In a preferred aspect, a main chain of the ion-conductive polymer is a fluorocarbon chain that is partially fluorinated or completely fluorinated. The suitable concentration of fluorine in the main chain may be not less than approximately 40 mass % based on the total mass of the main chain. In a preferred aspect, a main chain of the fluoropolymer is a perfluorocarbon chain.
In a preferred aspect, the ion-conductive polymer is a perfluorocarbon polymer having a side chain represented by the formula above, —R1SO3Y, and, in particular, a perfluorocarbon polymer having a side chain selected from the group consisting of the formula above, —OCF2CF(CF3)OCF2CF2SO3Y, —O(CF2)4SO3Y and the combination thereof.

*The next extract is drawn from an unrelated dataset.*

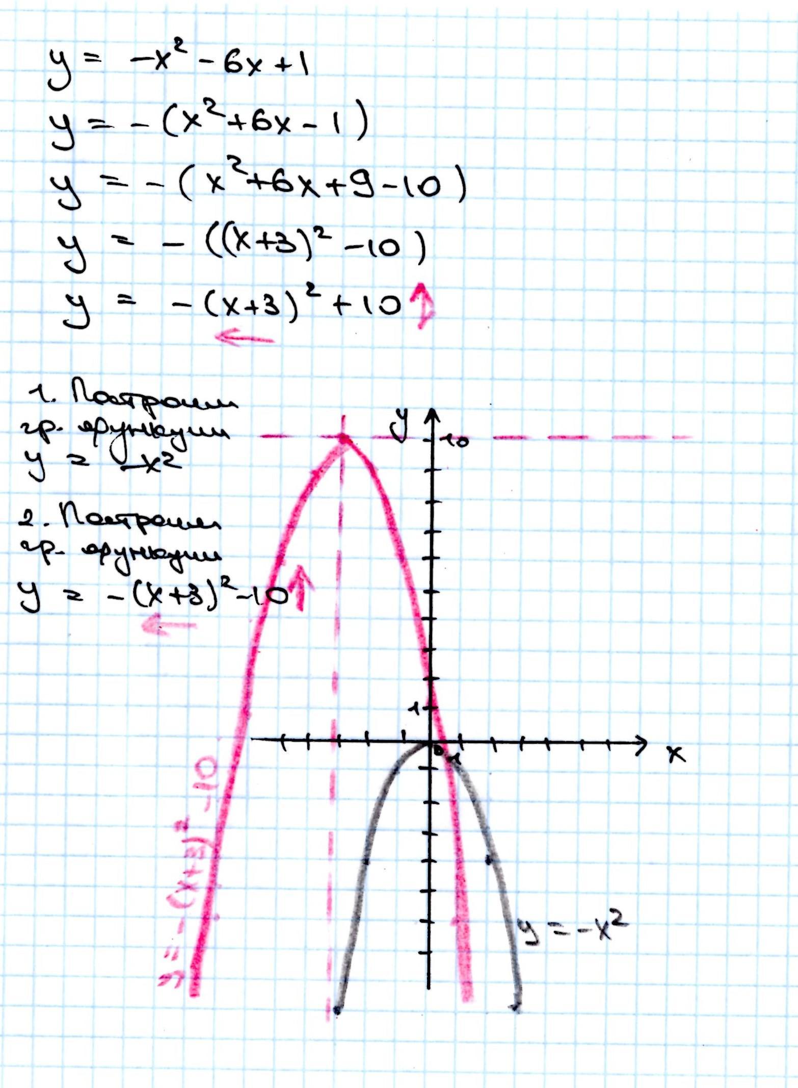 Помогите построить график функции y=-x²-6x+1 И описать его по плану построения квадратичной функции

In the ion exchange membrane of the present disclosure, the ion-conductive group (typically, a cluster of the ion-conductive groups) in a region, in which swelling is suppressed by the non-woven fabric, can contribute to better ion permeation selectivity. Meanwhile, the ion-conductive polymer in the other regions can contribute to superior proton transport by the ion-conductive groups thereof. An equivalent weight (EW, the mass of the ion-conductive polymer in grams per one equivalent ion-conductive group) of the ion-conductive group of the ion-conductive polymer used in the present disclosure is preferably not greater than approximately 1000, or not greater than approximately 850, or not greater than approximately 750 from the viewpoint of better proton transport ability, and preferably not less than approximately 600, or not less than approximately 700 from the viewpoint of greater ion permeation selectivity. The equivalent mass of the ion-conductive group can be measured by the method of back titration, in which the ion-conductive polymer is subjected to base substitution and the resultant solution is back-titrated with an alkaline solution.
Examples of the ion-conductive polymer that can be used in the present disclosure include those described in U.S. Unexamined Patent Application Publication No. 2006/0014887.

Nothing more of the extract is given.